## Your assignment
Return all the entries exactly. No pictures.

Collected data entries
□ □ □ □
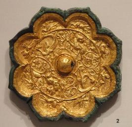 Keywords: Mirror with Foliate Rim and Inset Gold Plaque, 8th century, Tang dynasty, China, cast bronze with gold inset - Sackler Museum - DSC02599.JPG Exhibit in the Sackler Museum Harvard University Cambridge Massachusetts USA The museum permitted photography of this artwork without restriction This artwork is in the public domain because the artist died more than 70 years ago Daderot 2012-11-17 12 43 08 Daderot cc0 cc0 Chinese metalwork in the Sackler Museum Bronze mirrors of the Tang Dynasty
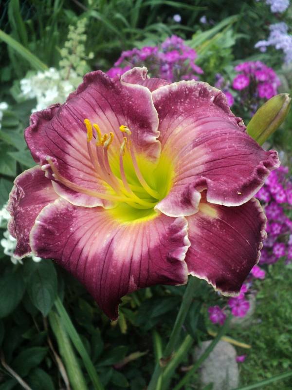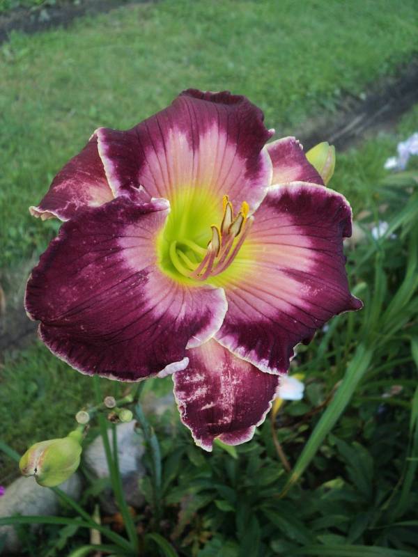 Hodowca: Rogers-C,2007 Wysokość: pęd kwiatowy na wysokości 80 -90 cm. Kwiaty:czerwono -fioletowe , z różowym znakiem wodnym nad masłowo- zielonym gardłem, brzegi płatków zaznaczone na biało leciutko sfalowane , średnica ok 15 cm , kwiat otwiera się szeroko. Zakwita w lipcu. Stanowisko: słoneczne do półcienistego. Mrozoodporność: zimuje bez okrycia.
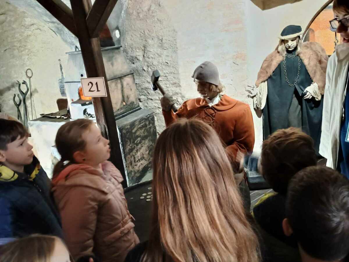Putování jsme zakončili v havířské osadě a ve sklepní místnosti nádvoří, ve které jsme viděli cestu zpracování stříbra – od vytěžené rudy, po ražbu pražského groše.
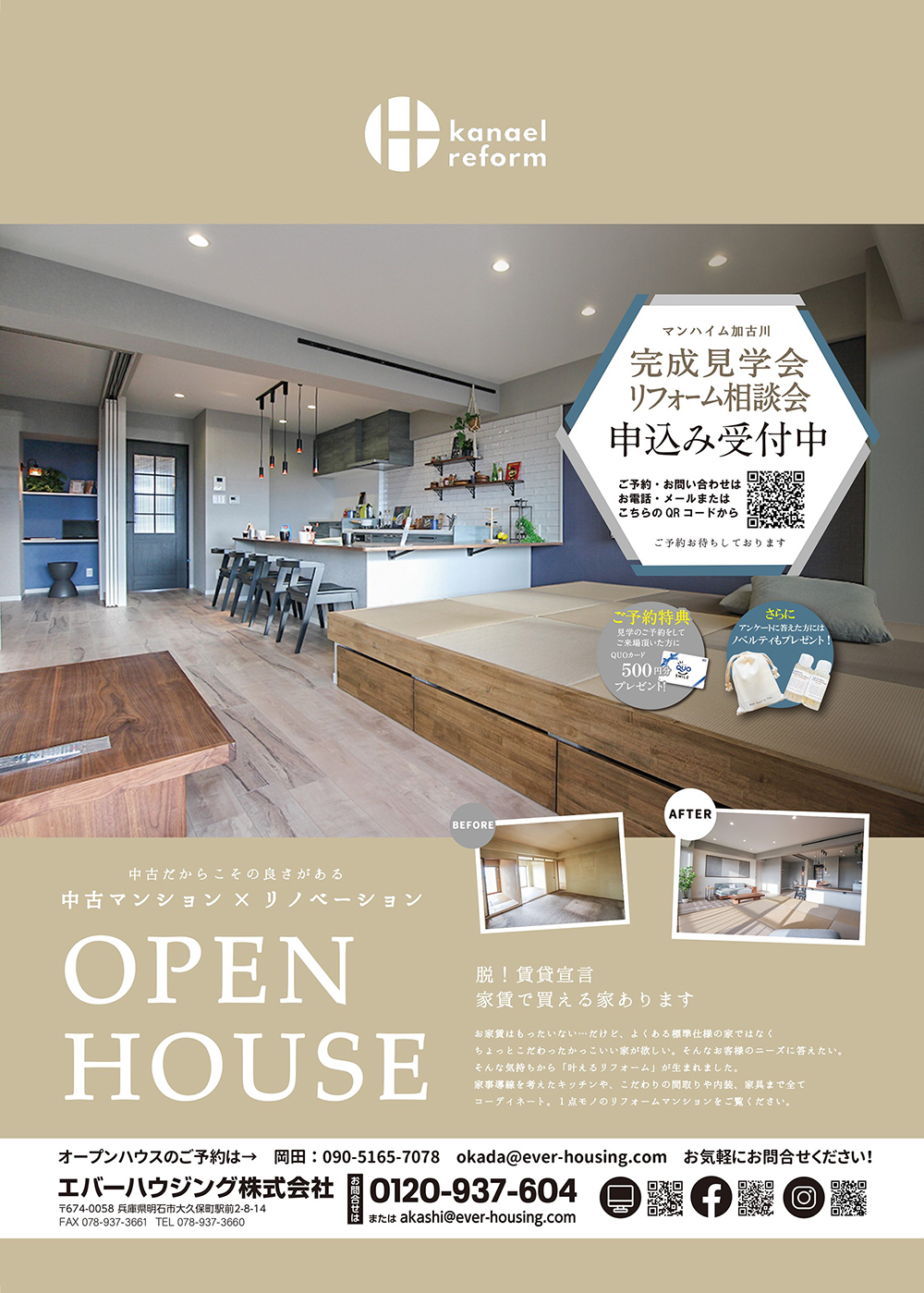 エバーハウジングでは、明石・西明石・大久保・魚住・二見・加古川・播磨・稲美・神戸の各エリアで、戸建・マンション・土地・不動産情報をお探しの方を対象に、住まいに関する情報をご案内しております。不動産のことはもちろん、リフォーム・リノベーションなど、暮らしに関することなら何なりと当社へご相談・お問い合わせください。
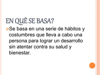 Un estilo de vida saludable se basa en hábitos como evitar el estrés, comer de forma saludable, no fumar o beber en exceso. Realizar actividad física regularmente mejora la capacidad física y mental, aumenta las defensas del cuerpo, ayuda a liberar el estrés y proporciona una sensación de descanso y bienestar.
□ □ □ □
## Response area
 Keywords: Mirror with Foliate Rim and Inset Gold Plaque, 8th century, Tang dynasty, China, cast bronze with gold inset - Sackler Museum - DSC02599.JPG Exhibit in the Sackler Museum Harvard University Cambridge Massachusetts USA The museum permitted photography of this artwork without restriction This artwork is in the public domain because the artist died more than 70 years ago Daderot 2012-11-17 12 43 08 Daderot cc0 cc0 Chinese metalwork in the Sackler Museum Bronze mirrors of the Tang Dynasty
 Hodowca: Rogers-C,2007 Wysokość: pęd kwiatowy na wysokości 80 -90 cm. Kwiaty:czerwono -fioletowe , z różowym znakiem wodnym nad masłowo- zielonym gardłem, brzegi płatków zaznaczone na biało leciutko sfalowane , średnica ok 15 cm , kwiat otwiera się szeroko. Zakwita w lipcu. Stanowisko: słoneczne do półcienistego. Mrozoodporność: zimuje bez okrycia.
Putování jsme zakončili v havířské osadě a ve sklepní místnosti nádvoří, ve které jsme viděli cestu zpracování stříbra – od vytěžené rudy, po ražbu pražského groše.
 エバーハウジングでは、明石・西明石・大久保・魚住・二見・加古川・播磨・稲美・神戸の各エリアで、戸建・マンション・土地・不動産情報をお探しの方を対象に、住まいに関する情報をご案内しております。不動産のことはもちろん、リフォーム・リノベーションなど、暮らしに関することなら何なりと当社へご相談・お問い合わせください。
 Un estilo de vida saludable se basa en hábitos como evitar el estrés, comer de forma saludable, no fumar o beber en exceso. Realizar actividad física regularmente mejora la capacidad física y mental, aumenta las defensas del cuerpo, ayuda a liberar el estrés y proporciona una sensación de descanso y bienestar.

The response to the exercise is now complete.